W klasztorze kapucynów w Nowym Mieście nad Pilicą uroczyście obchodzono święto Matki Bożej Anielskiej, czyli odpust Porcjunkuli.
Świętowanie rozpoczęło się w wigilię odpustu Mszą św. z procesją eucharystyczną o godz. 18. Potem trwało nocne czuwanie, na którym z wiernymi modliły się również siostry ze zgromadzeń mających swoje domy w mieście, a więc służki, honoratki, wspomożycielki i niepokalanki. Zgodnie z tradycją, o północy sprawowano Eucharystię - Pasterkę maryjną. W sobotę - w dzień odpustu - na Mszach św. pojawili się pielgrzymi, którzy przybyli nawet z okolic Grójca i Opoczna.
Sumie odpustowej w ogrodzie klasztoru, przy figurze Niepokalanej, przewodniczył bp Józef Zawitkowski. W homilii wspominał, jak sam w młodości tutaj pielgrzymował. Przypomniał wiernym, że komuniści zabraniali odprawiania Mszy na placu przy klasztorze, w którym przebywał przez wiele lat o.
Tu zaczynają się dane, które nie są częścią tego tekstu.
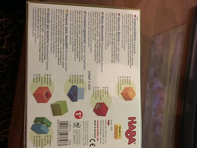 Perk up your ears! A lot of different sounds can be heard. Squeaking, clacking, rattling, tinkering.. each cube awaits with a different acoustic effect. In this way, early perception and musicality are fostered. Contents: 6 discovery blocks with different acoustic effects. Pieces made of solid beech wood and colored with a non-toxic water based stain. Cleaning Instructions: HABA recommends using a cloth lightly dampened with warm water. If you wish to disinfect the toy with a cleaning agent, use a small amount of either water and a mild dish soap or a water & vinegar essence mix. Both options work extremely well in destroying bacteria and cleaning wooden toys. After cleaning, wipe the toy dry with a clean cloth. Remember, Wood is a natural material that soaks in moisture. Do not ever submerse wooden toys in water or place in a dishwasher. Disinfectants (even organic baby wipes), should not be used as they can damage the water based protective coatings applied to protect the stains or paints beneath.
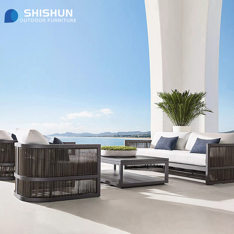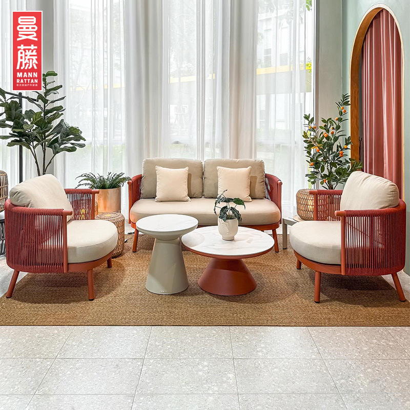 屋外アルミ合金ロープ編みソファ組み合わせ庭園花園陽光房屋外防水日焼け止めレジャー露店家具
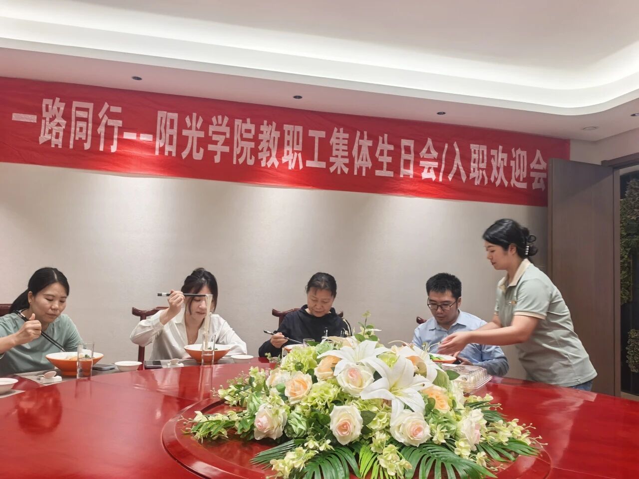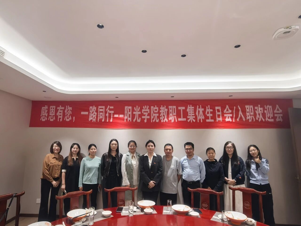 10月31日,由校工会组织发起的“阳光学院教职工10月份生日会/入职欢迎会”在阳光学院东区食堂举行。新老教职工欢聚一室,借生日的喜悦传递关怀,将属于我们的共同美好时光定格。冒着热气的长寿面寓意福寿绵长,透着温润光泽的平安蛋承载美好祈愿,定制生日蛋糕格外吸睛,雅致的布置让整个会场既温馨又热闹。
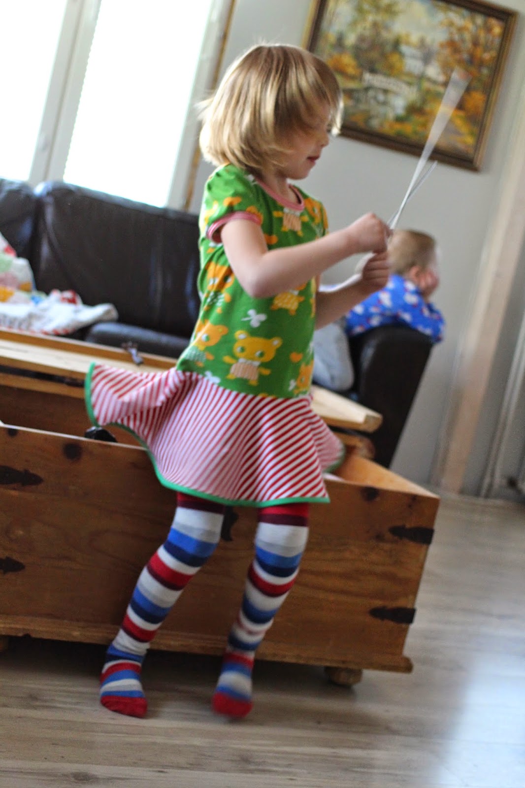 Kakkosmiehellä on taas angiina (kolmas putkeen). Aamupäivä istuttiin lääkärissä ja iltapäivän minä ompelin. 60cm vihreää nallea: pikkumiehelle setti kesään (jokainen resori eri sävyä) ja tytölle karamelli mekko. Siitä tuli kiva, neiti hyväksyi mökisematta, kai se helma vei sydämen;)
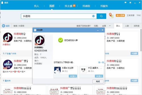 除了某宝,同类的刷点赞评论转发的渠道还有QQ群,这绝对是一个好渠道。打开QQ的查找功能,切换到找群界面,搜索关键词:抖音刷,就可以找到很多商家。
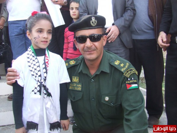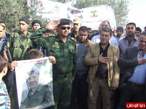 يرافقه مجموعة من الضباط وصف ضباط من قوات الأمن الوطني الفلسطيني في إحياء الذكرى العاشرة لاستشهاد الرمز ابو عمار من أمام المغارة التي انطلق منها في بلدة قباطية.

Honorat Koźmiński, patron diecezji łowickiej. - Ludzie w Nowym Mieście powinni klękać przed figurą o. Honorata. Ten wielki człowiek potrafił odmienić oblicze ziemi, przygotowując nas na czasy niepodległości. Wiedział, że trzeba nas wszystkich ofiarować Matce Bożej. Postawy Totus Tuus (cały Twój) Jan Paweł II nauczył się od o. Honorata - mówił bp Zawitkowski.
Na koniec Mszy odbyła się procesja eucharystyczna, po której bp Zawitkowski błogosławił zebranych na placu Najświętszym Sakramentem.